Excuse Me, Are You A Christian?

By Not Known

“Excuse me, are you a leader?”  When somebody inquires of you in this manner, it can mean one of several things: (1) You have exhibited what it takes to be a leader; (2) You are unbecoming of a leader; (3) I’m looking for a leader.  Similarly, when people privately ponder about us or publicly probe us about our religious identity, they could also mean one of those three things.

“Excuse me, are you a Christian?”  It used to be that people had this caricature of a Christian – he goes to church every Sunday, carries a big Bible, wears a wide smile, with a halo overhead, and oozing with kindness and warmth.  Pretty attractive, though seemingly too good to be true… It does cause us to wonder what the early Christian believers were like such that “the Lord added to their number daily those who were being saved.” (Acts 2:47)

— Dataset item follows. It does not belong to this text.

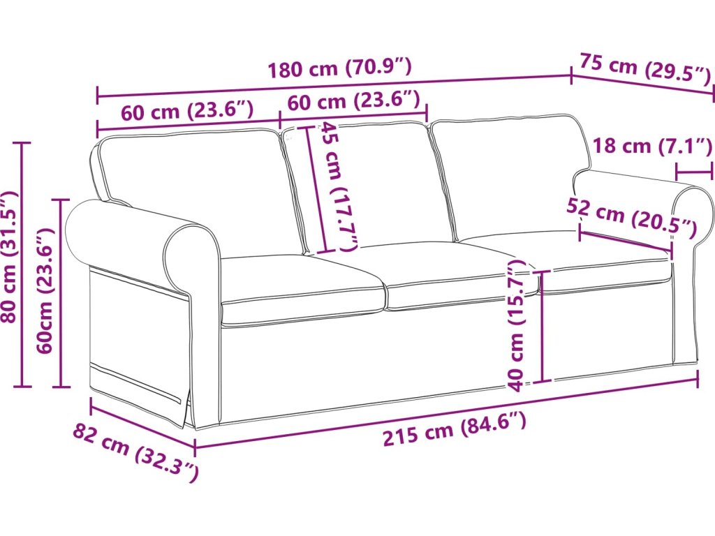 - 1 x pohovka: 215 x 82 x 80 cm (ŠxHxV)

“Excuse me, you are a Christian?” I detested their behaviour towards people.  I found their attitude towards work abhorrent.  Knowing that they were Christians had put me off from visiting churches – those “hole-ly” (i.e. full of holes) institutions.  Otherwise, I would have become a child of God earlier.  Those were my impressions of Christians until 30 years ago.  I wished they had taken to heart Peter’s exhortation, “Live such good lives among the pagans that, though they accuse you of doing wrong, they may see your good deeds and glorify God on the day he visits us.” (1 Peter 2:12)  Why did Peter have to instruct the early Christian believers in this way?

To the early church, being Christian was not simply a private confession of faith by praying a sinner’s prayer; it was essentially a public profession of a life transformed by the Spirit, both individually and corporately.  Acts 2:42-47 testifies that they learnt and lived the faith.  The word of God was taken seriously.  They loved and served one another.  They worshipped God whole-heartedly.  They were blameless before all the people.  It was publicly attractive enough such that people were daily enquiring, “Excuse me; I’m looking for a Christian… to tell me how I might become a Christian too…”

On these Mission Emphasis Sundays, may we examine ourselves in the light of the Gospel in which we have professed our faith.  What kind of worshipper am I?  Have I conducted myself in a manner that brings glory or shame to my God?  Has the Gospel been displaced or even replaced from the centre of my heart?  If somebody were to ask, “Excuse me, are you a Christian?” – what would they be meaning to say?